* TASK BRIEF *
Each line of the material must be repeated precisely, with the pictures left out.
__________________________________________________
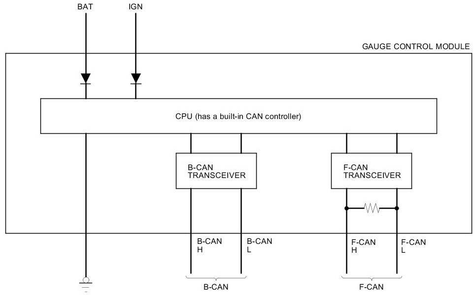 The gauge control module acts as a gateway to allow both systems to share information. The gauge control module translates and relays the information from B-CAN to F-CAN and from F-CAN to B-CAN.
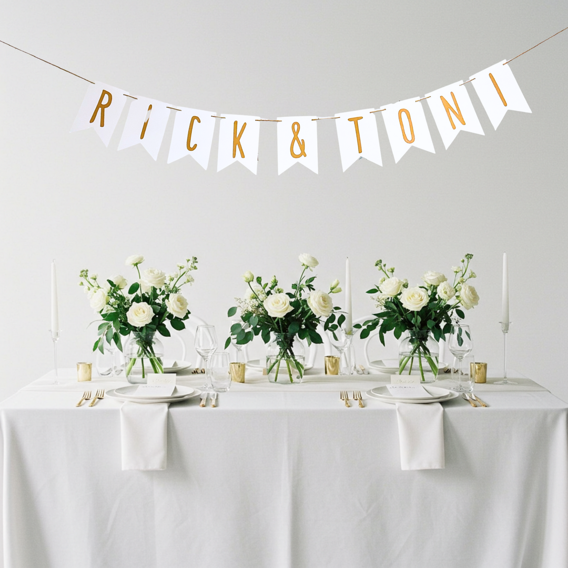 Wimpelkette "Hochzeitspaar" mit eigenen Namen für Hochzeitsdekoration
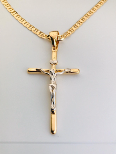 14K Gold Filled Big Cross Necklace Pendant Two Tone 48x28mm / Mens Cross Necklace / Cadena y Dije de Cruz
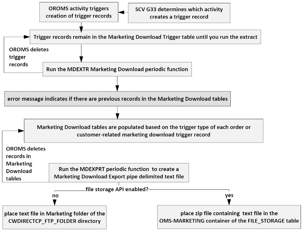 • Run the MDEXTR Marketing Download Order and Customer Extract (CSX1041) periodic function to extract order and customer-related records in the Marketing Download Trigger table to the appropriate Marketing Download table.
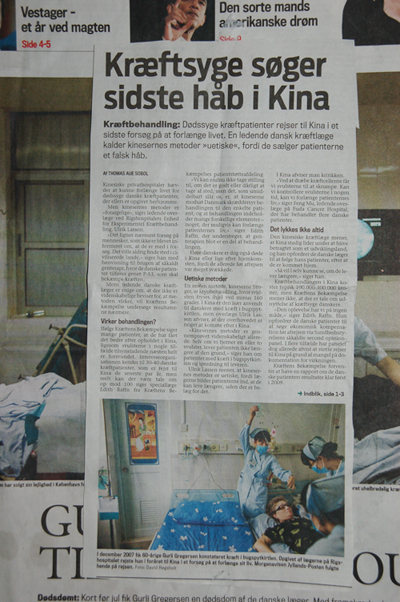 近期,多名丹麦肿瘤患者在我院治疗取得良好的效果,丹麦的《日德兰邮报》的“深度报道”(INDBLIK)栏目的记者专程赴广州采访病人和医生,头版头条大幅报道此次采访过程。
__________________________________________________
* EXERCISE ANSWER *
 The gauge control module acts as a gateway to allow both systems to share information. The gauge control module translates and relays the information from B-CAN to F-CAN and from F-CAN to B-CAN.
 Wimpelkette "Hochzeitspaar" mit eigenen Namen für Hochzeitsdekoration
 14K Gold Filled Big Cross Necklace Pendant Two Tone 48x28mm / Mens Cross Necklace / Cadena y Dije de Cruz
 • Run the MDEXTR Marketing Download Order and Customer Extract (CSX1041) periodic function to extract order and customer-related records in the Marketing Download Trigger table to the appropriate Marketing Download table.
 近期,多名丹麦肿瘤患者在我院治疗取得良好的效果,丹麦的《日德兰邮报》的“深度报道”(INDBLIK)栏目的记者专程赴广州采访病人和医生,头版头条大幅报道此次采访过程。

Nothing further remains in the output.